Is Public speaking Torture for You?
A few weeks ago, I received this question from a coaching client:
“You know what is most frustrating to me? I feel like I am a rather calm person – I really don’t feel like a person who runs with high anxiety.
“As a nurse and as a mom and a wife and a student, I am so chill compared to others that I see around me. So why is public speaking so tortuous for me?? Why do others that I view as so much more anxiety-ridden in everyday life make public speaking look so easy?!”
I thought this was a great question, so I thought you might be interested in my response.
Finding your Calm
So here’s my response:
First let me say that I’m glad to hear you have a sense of being a calm person. This means you do have a reference point for where calmness lives in your body. You can identify that sensation of being at ease.
However, it sounds like you have trouble finding that reference point when you’re speaking in public.

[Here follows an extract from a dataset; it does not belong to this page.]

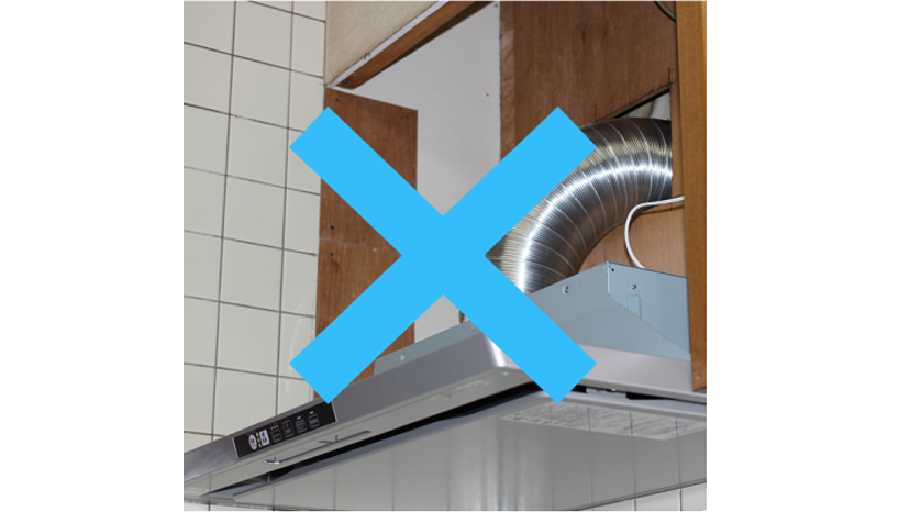 レンジフードのダクトは、お客さまの目に触れることはほとんどありません。そのため、業界の一部では条例に適合しないダクトを使った工事が行われてしまうことがあります。

I think the answer is to learn to access your calm center even when speaking in public, so then you can quickly find your way back to your center whenever you need to.
I know you will say, “But how?”
The “how” is through the work you are already doing with me… noticing your body state change as it happens. It’s catching the state change in your body as it begins to shift into anxiety.
Once you…
…notice the change begin to happen.
…sense the anxiety coming.
…Notice the early signs of the “torture” begin.
… you can train yourself to interrupt the pattern of anxiety and make a new path back to your calm center.
Retrain your Nervous System
So, it is a “re-training” of your nervous system. Because you, like many people, have some underlying negative conditioning when it comes to being comfortable expressing yourself in public.
Remember that as little ones, our brains aren’t developed. So when we are young, we lay down tracks about where and when it is safe to be ourselves. What happens, is these old “wires” get triggered and public speaking anxiety takes you completely away from your calm self.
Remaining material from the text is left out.